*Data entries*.
********************
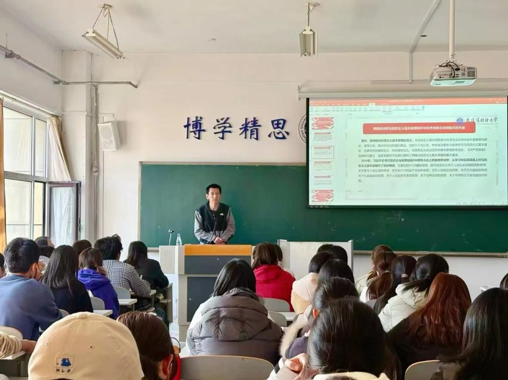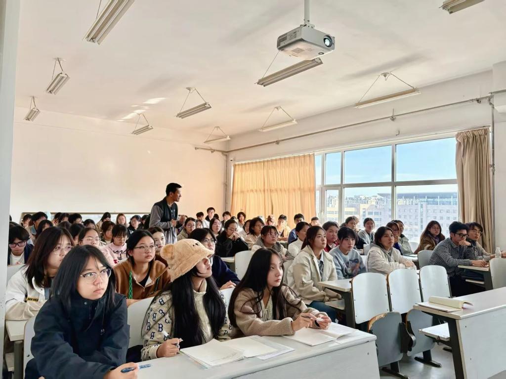 贾哲书记以“传承千年文脉——从文化自信到入党初心”为主题,围绕中华文明的卓越智慧、党的文化根基与创新、中国方案的文明贡献、青年初心与入党征程四个方面展开讲解,鼓励青年学子坚定文化自信,争做中华文化传承者。在大学的学习生活中深植文化之根,筑牢信仰之基,贡献青春之力,自觉将个人理想融入国家和民族事业中。
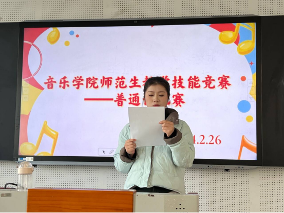 为全面贯彻落实全国教育大会精神,强化师范类学生教学基本素质和基本能力培养,培养师范生专业素养,展现当代师范生教学风采,2月26日,音乐学院在艺术楼A204举办音乐学院师范生教学技能系列活动——普通话比赛。
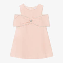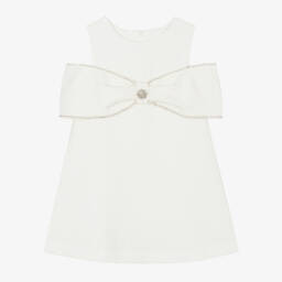 This gorgeous ivory special occasion dress is by Patachou. It has an eye-catching bow appliqué across around the bodice, trimmed in sparkling diamantés and pearl beads. Made in soft crêpe, this sleeveless, A-line style is elegantly simple. Lined for comfort, it fastens neatly with a concealed zip on the back.
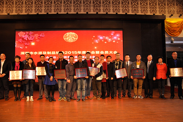 大会最后一项议程是对2014-2015年度深圳市水泥及制品行业“先进企业”进行授牌仪式,其获得先进表彰的企业分别是:深圳市安托山混凝土有限公司、深圳市天地(集团)股份有限公司、深圳华润混凝土有限公司、深圳市为海建材有限公司、深圳市华全混凝土有限公司、深圳市高新建混凝土有限公司、深圳市振惠建混凝土有限公司、深圳市晋荣混凝土有限公司、深圳市新豪混凝土有限公司、深圳市港龙混凝土有限公司。
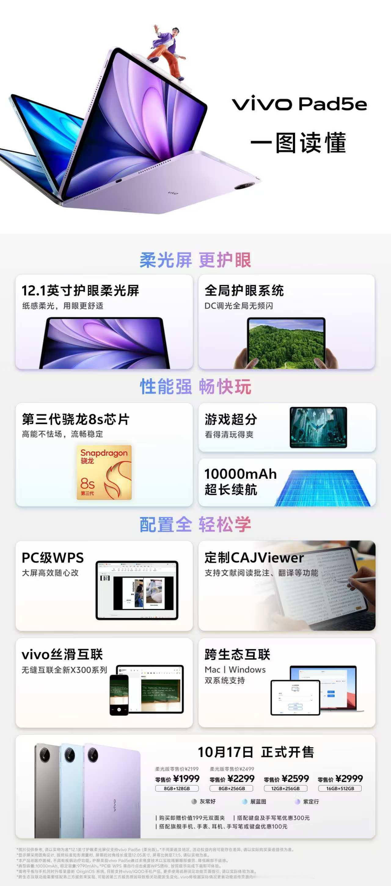 vivo Pad5e 可以说是学生党绝佳学习伴侣了,12.1英寸护眼柔光屏看网课不累,10000mAh电池能扛一整天,第三代骁龙8s跑APP很流畅,PC级WPS等办公软件甚至也很适合上班族!售价1999元起!
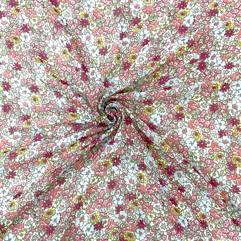 Red-Multi Poly Floral Printed Crinkle Yoryu Chiffon Woven Fabric
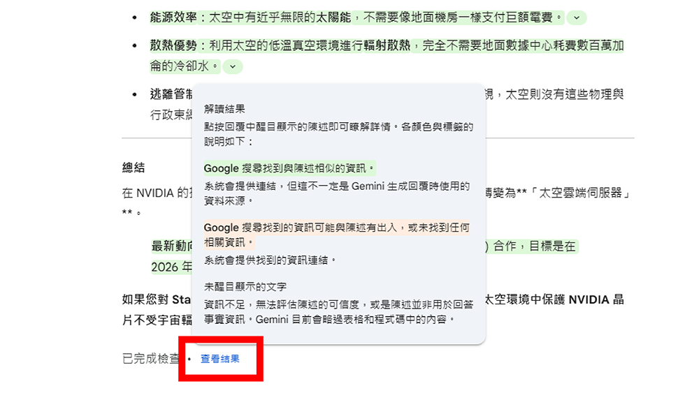 而 Gemini 查證完畢後,會在回覆內容當中標示「綠色」或「粉膚色」以及「無顏色」三種結果,這三種結果分別代表著不同意思:
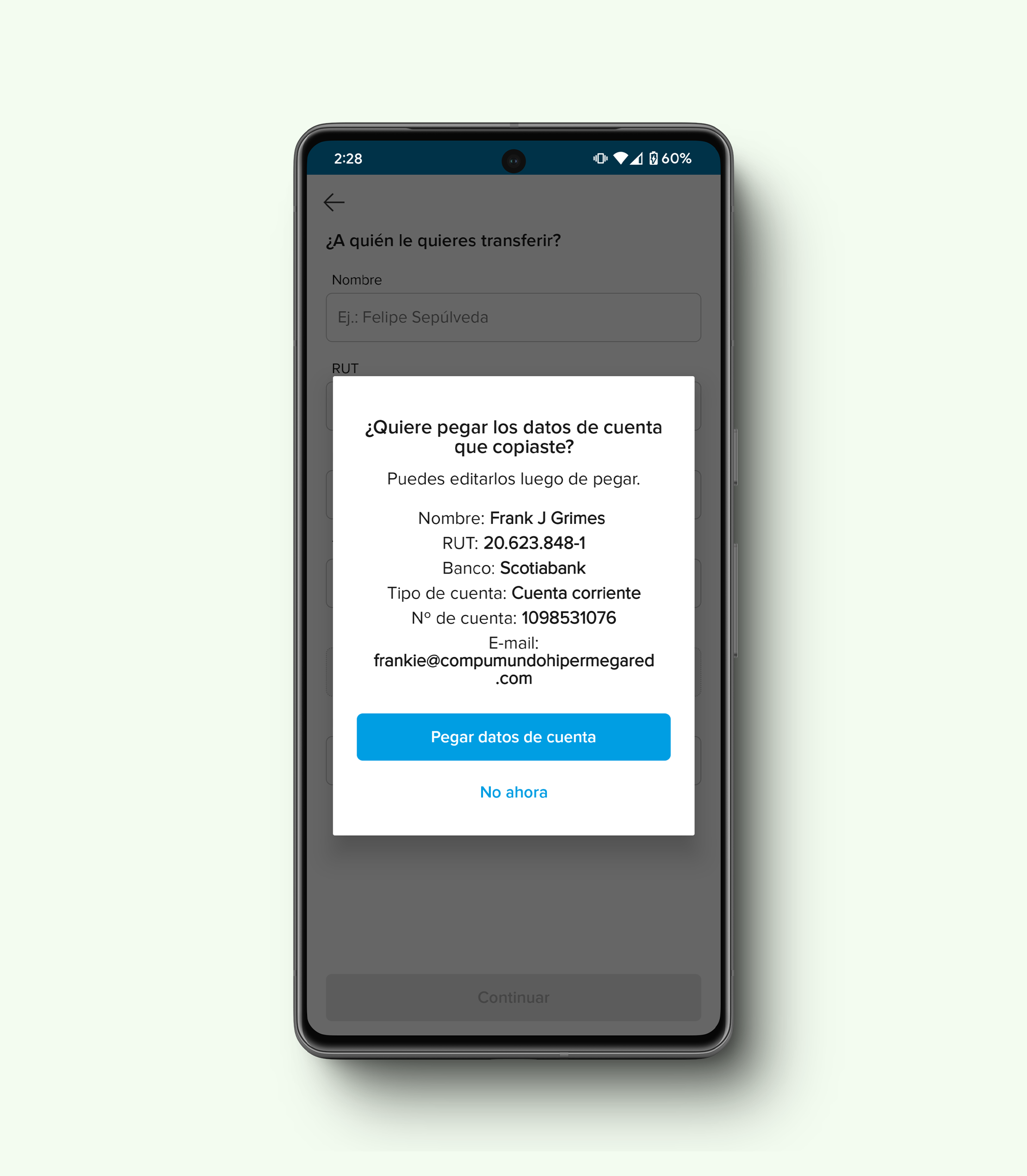 This format has been around for many years, leading to most banking apps in Chile adapting to it. As a result, they usually automatically fill in the data when initiating a transfer to a new recipient.
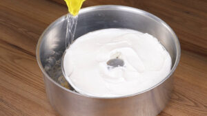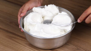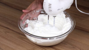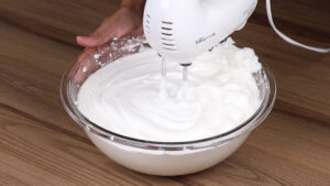 - Depois de bater vou adicionar aos poucos 12 colheres de sopa de açúcar e bater novamente.
********************
What you return must match, line for line, the records from the line containing "This format has" through their end, with both ends included and no pictures.

 This format has been around for many years, leading to most banking apps in Chile adapting to it. As a result, they usually automatically fill in the data when initiating a transfer to a new recipient.
 - Depois de bater vou adicionar aos poucos 12 colheres de sopa de açúcar e bater novamente.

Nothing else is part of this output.